Task description:
Below are some records: retype them all exactly, but not the pictures.
#### Data for this exercise ####
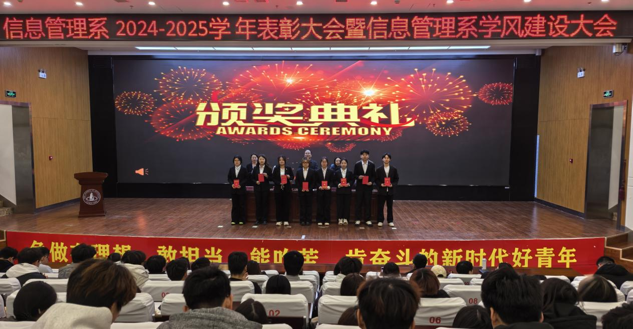 肖丹宣读了《信息管理系关于2024-2025学年获奖学生的表彰决定》,与会领导为获奖学生颁发证书和奖品。“国家奖学金”荣获者邱传兴同学发言,他分享了自己的学习体会,倡议全系学子以更高的标准要求自己,为国家的繁荣富强贡献青春和力量。
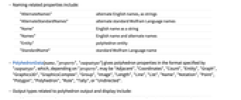 "Polyhedra" 复合多面体组成部分 "Polyhedron" Polyhedron 表达式 "Polygons" 对应于面的多边形列表 "Lines" 对应于边的线列表 "Points" 对应于顶点的点列表  - 图形属性包括:
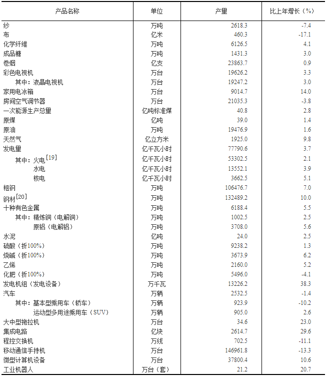 全年规模以上工业中,农副食品加工业增加值比上年下降1.5%,纺织业增长0.7%,化学原料和化学制品制造业增长3.4%,非金属矿物制品业增长2.8%,黑色金属冶炼和压延加工业增长6.7%,通用设备制造业增长5.1%,专用设备制造业增长6.3%,汽车制造业增长6.6%,电气机械和器材制造业增长8.9%,计算机、通信和其他电子设备制造业增长7.7%,电力、热力生产和供应业增长1.9%。
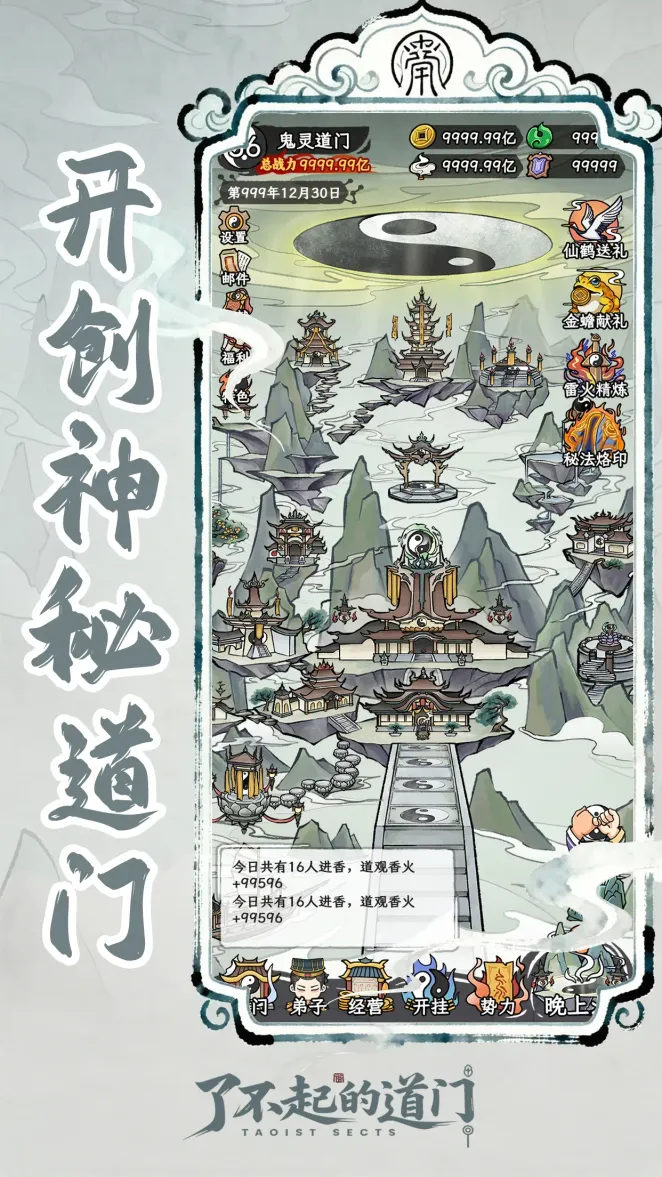 开局一把桃木剑,道门兴衰你掌间!又在一番穿越(loading条加载)后,你将成为破落道观的当代观主... 【重建道门】从扫地除尘开始,亲手将荒山破观建为云间仙门。 【奇葩弟子】随缘招徒,你可能捡到先天道体的天才,也可能招来只会干饭的“关系户”。 【资质检测】用“摸骨术”摸摸弟子根骨,小心别摸到不该摸的地方! 【黑市之王】暗中经营地下坊市,倒卖法器、贩卖“秘籍”,甚至偷偷给对头宗门卖假货。 【香火玄学】在香火殿求签问卦——今日上上签,香火钱翻倍;今日大凶…快关山门避灾! 【炼器鬼才】研发道器,从“驱邪桃木剑”到“渡劫避雷针”,只有想不到,没有炼不出。 【下山搞事】带队除魔抓鬼,是替天行道?还是只为摸金做点“小生意”?你说了算! 振兴道门的路子有很多种,至于节操…那是什么?能吃吗?
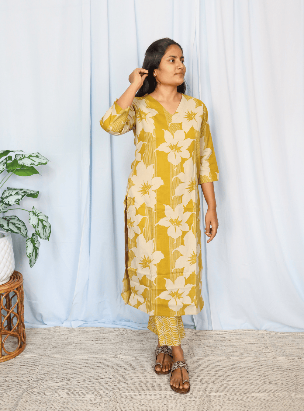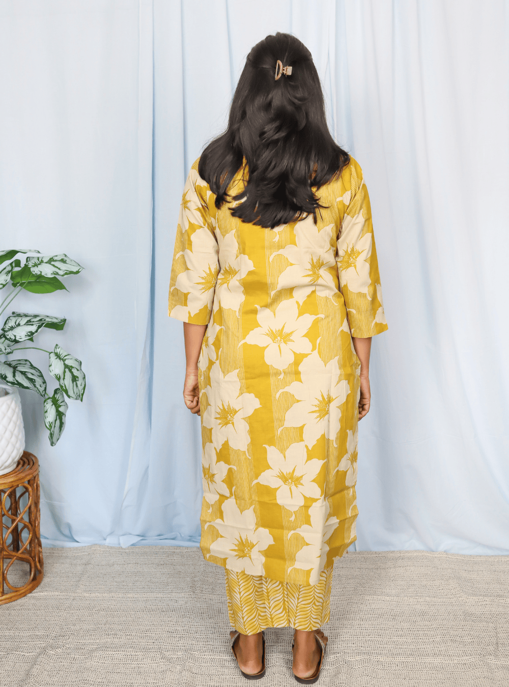 Yellow Floral Print Cotton Kurta Set
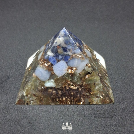 NOUVEAUTE ! Orgonite Pyramidale Sodalite, Calcédoine Bleue et Labradorite
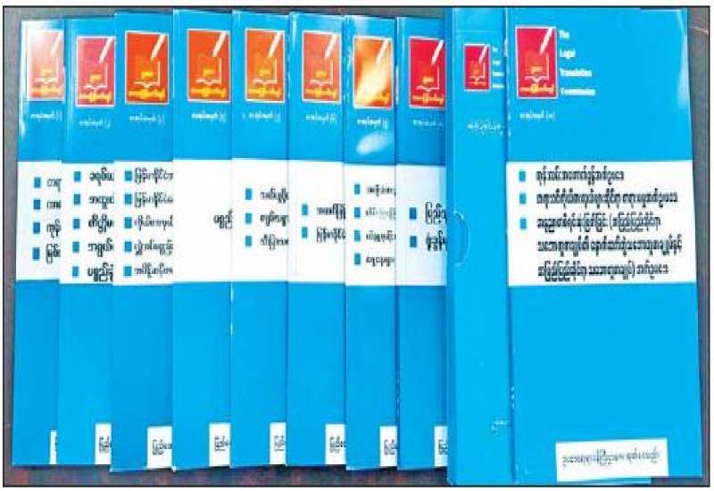 ဥပဒေရေးရာဝန်ကြီးဌာနသည် ဥပဒေဘာသာပြန်ကော်မရှင်က မြန်မာဘာသာသို့ ပြန်ဆိုပြီး သည့်ဥပဒေများကို စာအုပ်ထုတ်ဝေလျက်ရှိရာ ဘာသာပြန် စာအုပ်အမှတ် (၁) မှ (၁၀) အထိ စာအုပ်များကို ထုတ်ဝေပြီးဖြစ်သည်။
####
Expected answer:
 肖丹宣读了《信息管理系关于2024-2025学年获奖学生的表彰决定》,与会领导为获奖学生颁发证书和奖品。“国家奖学金”荣获者邱传兴同学发言,他分享了自己的学习体会,倡议全系学子以更高的标准要求自己,为国家的繁荣富强贡献青春和力量。
 "Polyhedra" 复合多面体组成部分 "Polyhedron" Polyhedron 表达式 "Polygons" 对应于面的多边形列表 "Lines" 对应于边的线列表 "Points" 对应于顶点的点列表  - 图形属性包括:
 全年规模以上工业中,农副食品加工业增加值比上年下降1.5%,纺织业增长0.7%,化学原料和化学制品制造业增长3.4%,非金属矿物制品业增长2.8%,黑色金属冶炼和压延加工业增长6.7%,通用设备制造业增长5.1%,专用设备制造业增长6.3%,汽车制造业增长6.6%,电气机械和器材制造业增长8.9%,计算机、通信和其他电子设备制造业增长7.7%,电力、热力生产和供应业增长1.9%。
 开局一把桃木剑,道门兴衰你掌间!又在一番穿越(loading条加载)后,你将成为破落道观的当代观主... 【重建道门】从扫地除尘开始,亲手将荒山破观建为云间仙门。 【奇葩弟子】随缘招徒,你可能捡到先天道体的天才,也可能招来只会干饭的“关系户”。 【资质检测】用“摸骨术”摸摸弟子根骨,小心别摸到不该摸的地方! 【黑市之王】暗中经营地下坊市,倒卖法器、贩卖“秘籍”,甚至偷偷给对头宗门卖假货。 【香火玄学】在香火殿求签问卦——今日上上签,香火钱翻倍;今日大凶…快关山门避灾! 【炼器鬼才】研发道器,从“驱邪桃木剑”到“渡劫避雷针”,只有想不到,没有炼不出。 【下山搞事】带队除魔抓鬼,是替天行道?还是只为摸金做点“小生意”?你说了算! 振兴道门的路子有很多种,至于节操…那是什么?能吃吗?
 Yellow Floral Print Cotton Kurta Set
 NOUVEAUTE ! Orgonite Pyramidale Sodalite, Calcédoine Bleue et Labradorite
 ဥပဒေရေးရာဝန်ကြီးဌာနသည် ဥပဒေဘာသာပြန်ကော်မရှင်က မြန်မာဘာသာသို့ ပြန်ဆိုပြီး သည့်ဥပဒေများကို စာအုပ်ထုတ်ဝေလျက်ရှိရာ ဘာသာပြန် စာအုပ်အမှတ် (၁) မှ (၁၀) အထိ စာအုပ်များကို ထုတ်ဝေပြီးဖြစ်သည်။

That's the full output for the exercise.